Thirdly, the Confucian life philosophy emphasizes transcending the boundaries of life and death through moral cultivation. From ancient times to the present, many scholars allege that Confucianism favors talking about life and seldom talks about death or that Confucianism is relatively unconcerned with the issue of death (
Ven 2005, p. 9; 
Yih 2022, p. 7). But in the 
Analects (
Lunyu 論語), the word “death” (
si 死) appears 38 times, exceeding the word “life” (
sheng 生), which is mentioned 22 times (
Ven 2005, pp. 17–18). This quantitative disparity alone undermines claims of Confucian disinterest in death. Confucius’ disciple Jilu 季路 once inquired about “death,” Confucius responded, “Not yet understanding life, how could you understand death?” (
wei zhi sheng, 
yan zhi si 未知生,焉知死) (
Ames and Rosemont 1998, p. 144). This statement by Confucius is often understood simply as an evasion of the question of death. For example, Chen Qun 陳群, a scholar of the Cao Wei Dynasty (220–266 AD), commented on this sentence as follows: “It is difficult to understand death, and it is useless to talk about it, so Confucius did not answer it.” (
sishi nanming, 
yu zhi wuyi, 
gu buda 死事難明,語之無益,故不答) (
He and Xing 1999, p. 146). Xing Bing 邢昺, a Confucian scholar of the Northern Song Dynasty (960–1127 AD), also interpreted this sentence as “Confucius did not say anything that would not be beneficial” (
kongzi budao wuyi zhi yu 孔子不道無益之語) (
He and Xing 1999, p. 146). This is a misconception. It is not that Confucius considered death to be irrelevant. Confucius intended to teach people not to be troubled by matters of life and death (
Chen 2012). What Confucius means by this statement is that if one cannot understand the significance and purpose of life, it is impossible to understand death. According to Confucianism, the purpose of life is to become a moral person. One should know why one lives and dies, and fulfill the value of life in moral cultivation. Confucianism regards various ethical norms as a whole and names this whole “morality.” It believes that the pursuit of morality is the core path to becoming a true human being. This emphasis on morality is fundamentally aimed at addressing the question of how humans can transcend finite existence and realize eternal value. Confucius said, “If at dawn you learn of and tread the way (
dao 道), you can face death at dusk.” (
zhao wen dao, 
xi si ke yi 朝聞道,夕死可矣) (
Ames and Rosemont 1998, p. 91). The core of the “way” (
dao 道) is morality, and the noblest morality is called “humaneness” (
ren 仁) by Confucius. To achieve the state of “humaneness”, Confucius believed that people “might well give up their lives in order to achieve it” (
sha shen yi cheng ren 殺身以成仁) (
Ames and Rosemont 1998, p. 186). 
Du (
2000) pointed out that this means “humaneness” is an ultimate value transcending life and death. Therefore, the Confucian moral cultivation requires “their way ends only in death” (
si er hou yi 死而後已) (
Ames and Rosemont 1998, p. 122). Moreover, Confucius once declared that “from fifty I realized the propensities of 
tian (
tianming 天命)” (
wushi er zhi tianming 五十而知天命) (
Ames and Rosemont 1998, p. 77). The “propensities of 
tian” here does not refer to fatalism, but rather to the mission and moral responsibility bestowed upon humanity by heaven (
tian 天). To practice morality within the bounds of finite life is to respond to the “propensities of 
tian.” On the other hand, the subsumption of morality under “heaven” also implies its eternal and transcendent nature. Recognizing this ethical tenet can provide spiritual care to terminally ill patients who adhere to Confucian morality. People who believe in Confucianism engage in moral practices throughout their lives. When they are faced with death, by understanding the eternity and transcendence of morality, they can realize the essence and meaning of life, thus alleviating their death-related anxiety and fear.

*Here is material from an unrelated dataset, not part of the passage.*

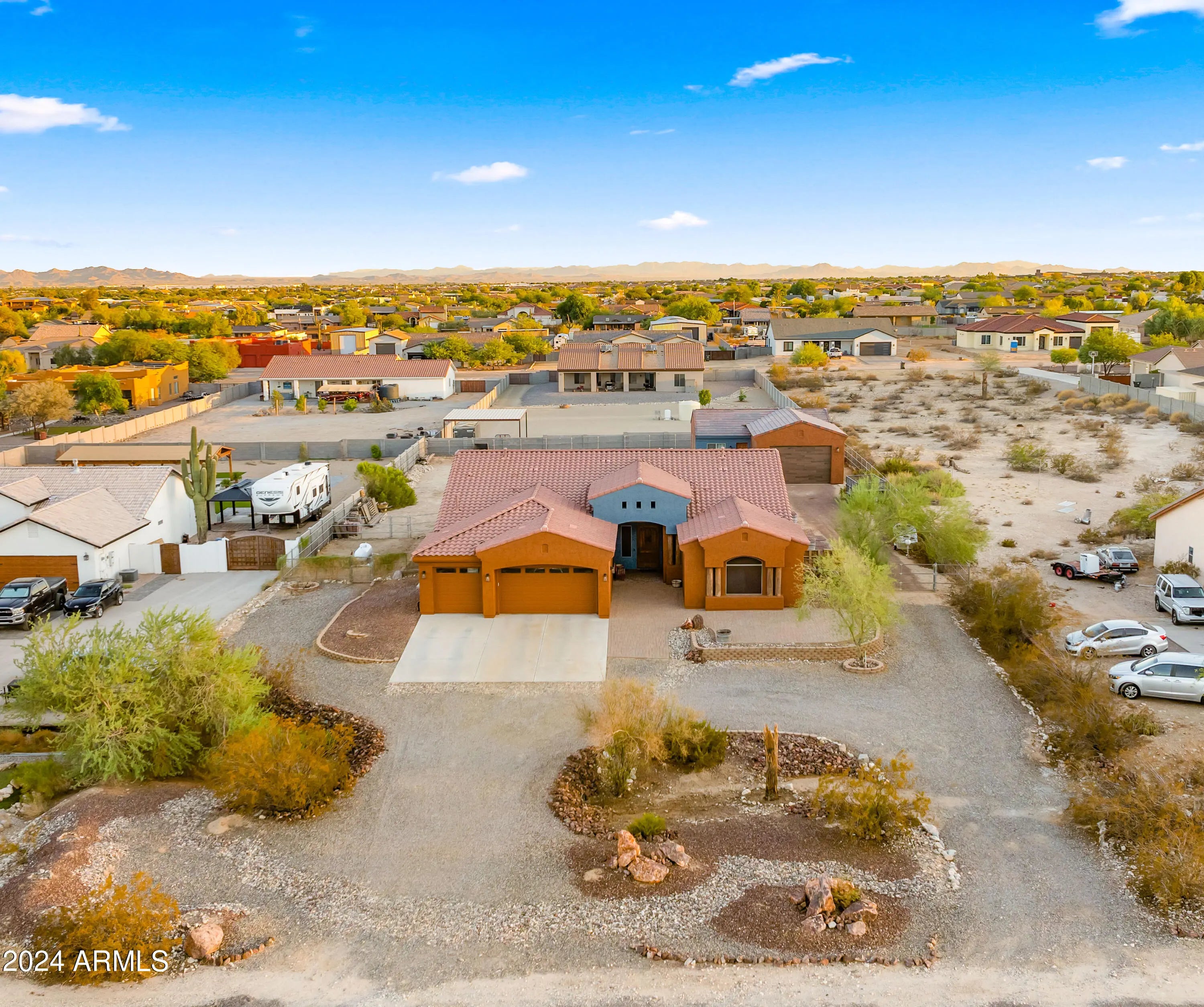 ***ATTN: ADU*** MULTI-GENERATIONAL living at its finest! NO HOA! 4-Bed, 2.5-Bath main CUSTOM HOME (3051 SF) on nearly an ACRE. New 2024 Two Bed, 1 Bath House (920 SF) w/full kitchen & laundry. Ample space for RVs & trailers, plus 5 GARAGE SPACES. The ADU/guest house offers endless possibilities: multi-gen living, office, studio, rental income, entertaining, or a pool house. Both homes boast 10-ft ceilings (plus a 14-ft vault in the main living space) and high-end finishes. The main house includes an open split floor plan, add'l den/office & luxury upgrades. Outdoors, enjoy a sparkling pool w/ waterfall, spa, Baja step & in-pool table. Relax under the grand gazebo or oversized covered patio. ADU garage is 12 ft high—perfect for a lift. You can't build this for the price!!

Mencius, a pivotal early Confucian figure, referred to the life of dying in pursuit of the “way” as achieving “proper destiny” (
zhengming 正命) (
Bloom 2009, p. 144). The “proper destiny” emphasizes properly ending one’s life following morality and the laws of nature. For example, when Confucius was gravely ill, he still insisted on following Confucian rites (
li 禮), believing that not following Confucian rites in funerals was fooling heaven (
qi tian 欺天) (
Ames and Rosemont 1998, p. 129). Similarly, Zengzi 曾子, a disciple of Confucius, also emphasized on his deathbed that what he sought was “a death with the rites” (
de zheng er bi 得正而斃) (
Luo 2017, p. 25), asking his disciples to replace his bedding that did not conform to Confucian rites. These cases mean that for those who believe in Confucianism, death cannot change their adherence to morality. If a person morally lives his life, then when death comes, he will feel that it was worthwhile and his life is in a state of fulfillment. Within palliative contexts, the Confucian life philosophy thus offers spiritual comfort to terminally ill patients who believe in Confucianism and mitigates death-related dread and anxiety.
Finally, Confucianism can engage in cross-cultural dialog with Lars Tornstam’s gerotranscendence theory. Gerotranscendence theory posits that as individuals age, they gain more time for self-reflection, reshaping their understanding of life across cosmic, social, and personal dimensions, ultimately progressing toward a stage of maturity and wisdom. However, gerotranscendence does not occur automatically; its realization has been shown to be closely related to the depth of one’s religious faith (
Jeong et al. 2020; 
Abreu et al. 2023). This forms the basis for dialog between Confucian moral religion and gerotranscendence theory. An empirical study on Chinese older adults demonstrates that those more deeply influenced by Confucianism achieve a higher degree of gerotranscendence (
Wang et al. 2015). This is because such an ideal spiritual realm proposed by the gerotranscendence theory is similar to the spiritual realm described by Confucius, as “from seventy I could give my heart-and-mind free rein without overstepping the boundaries” (
qishi er cong xin suo yu bu yu ju 七十而從心所欲不逾矩) (
Ames and Rosemont 1998, p. 77). Both are pursuits of self-realization and an understanding of life’s essence, ultimately leading to the fulfillment of one’s life.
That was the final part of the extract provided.